# who knows adam at performance in gaylord?



## realtreejeep (Nov 11, 2011)

im looking for adam the owner of performance raceway in gaylord... he was supposed to be switching shops two weeks ago and never open back up.. he has my velineon vxl-3s speed control and some other esc's and motors of mine.. i have been trying to call the shops number for two weeks now and drive an hour six times now so 12 hours total just to find out if the shop was open and well just as i thought nothing is even in where the new shop was supposed to be.. this dirtbag has until wed the 16th of nov to get a hold of me or im calling the cops and pressing theft charges on him.. if anyone knows how to get a hold of him via cell phone or anything please do so or just give me his number and i will handle it myself...


----------



## hobbyten (Apr 5, 2004)

realtreejeep said:


> im looking for adam the owner of performance raceway in gaylord... he was supposed to be switching shops two weeks ago and never open back up.. he has my velineon vxl-3s speed control and some other esc's and motors of mine.. i have been trying to call the shops number for two weeks now and drive an hour six times now so 12 hours total just to find out if the shop was open and well just as i thought nothing is even in where the new shop was supposed to be.. this dirtbag has until wed the 16th of nov to get a hold of me or im calling the cops and pressing theft charges on him.. if anyone knows how to get a hold of him via cell phone or anything please do so or just give me his number and i will handle it myself...

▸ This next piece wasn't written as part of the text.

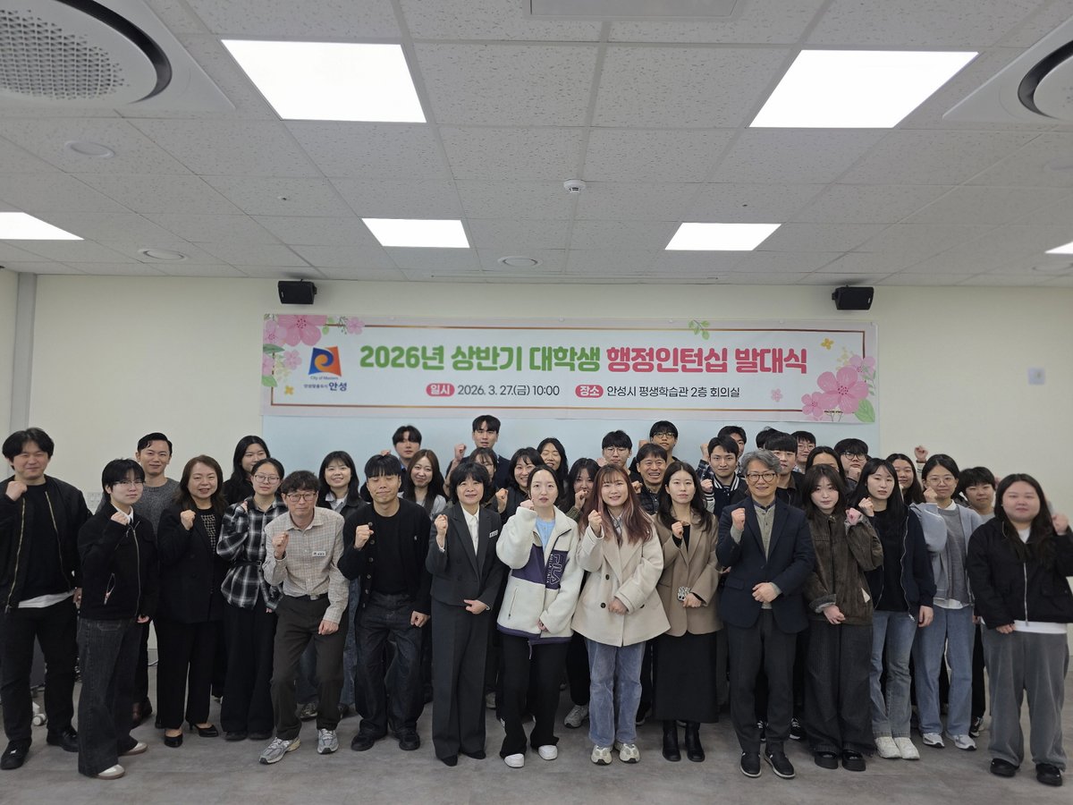 [충청뉴스큐] 안성시는 지난 27일 안성시 평생학습관 회의실에서 관내 대학생들과 공직자가 함께 시정 발전을 도모하는 ‘2026년 상반기 대학생 행정인턴십 발대식’을 개최했다.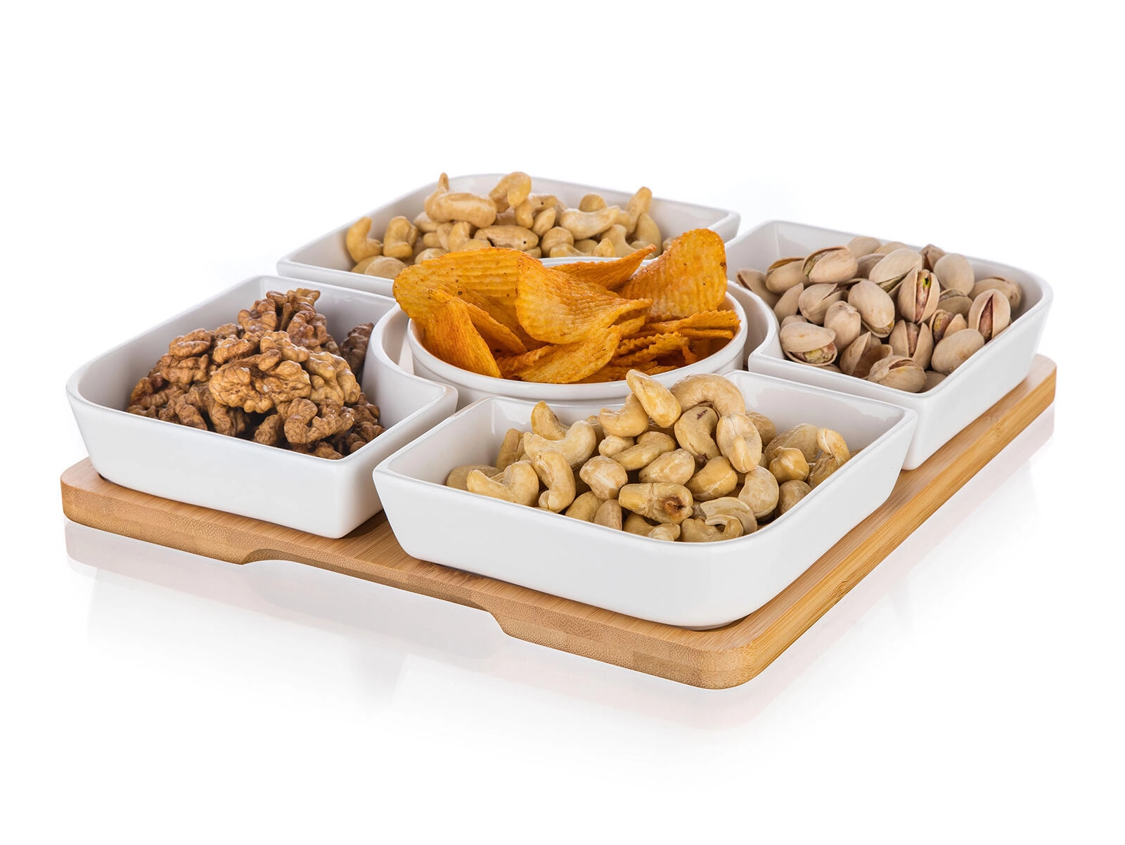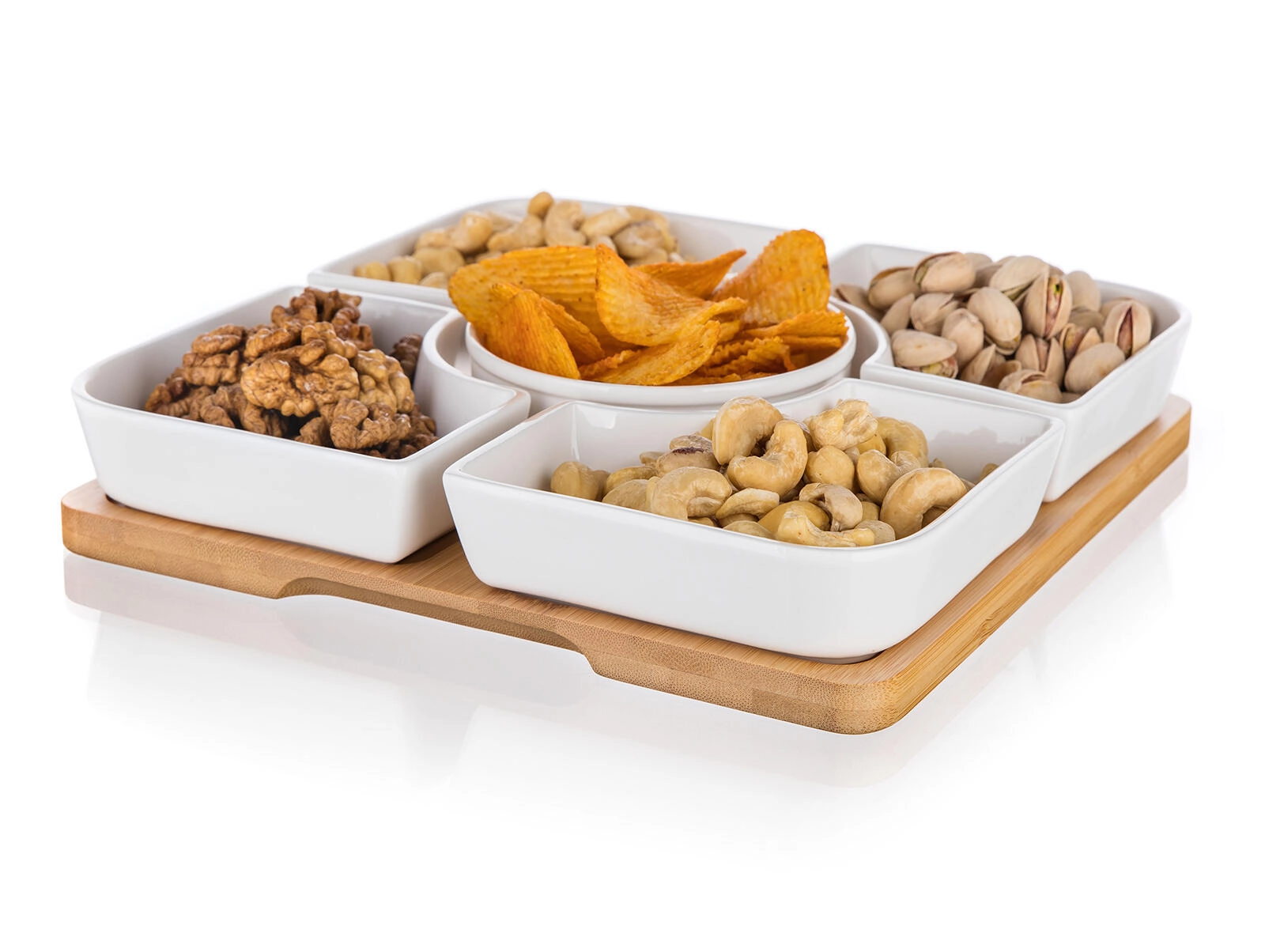 Vier vierkante schaaltjes en een centraal rond schaaltje op een bamboe dienblad zorgen voor een overzichtelijke indeling van snacks en een aantrekkelijke presentatie op tafel.

adam was up front with me. i gave him money for a couple of transponders he was going to order and didn't and he sent me my money back no problem. i do no he has been going through somes things and i'm sure it's alot of hassel.


----------



## realtreejeep (Nov 11, 2011)

yes adam always up front me before he started switching stores... him going through a divorce has nothing to do with having things that dont belong to him he has a store to run or he needs to call everyone that he has stuff of theres and find out where to send it and do whats right


----------



## realtreejeep (Nov 11, 2011)

i have spoke with adam and want to say thanks to those who helped me with contacting him.. he is willing to make things right with me so he's still the up front and good as i always seen him... fyi his re-opening is tomorrow from 10am-5pm sat the 12th...


----------



## JJohnston (Apr 26, 2009)

Been wondering about Adam.. its to bad things had to happen like it did. Seemed like he sparked alot of RC interest in Gaylord and surrounding areas. Hopefully he can get a store back up.


----------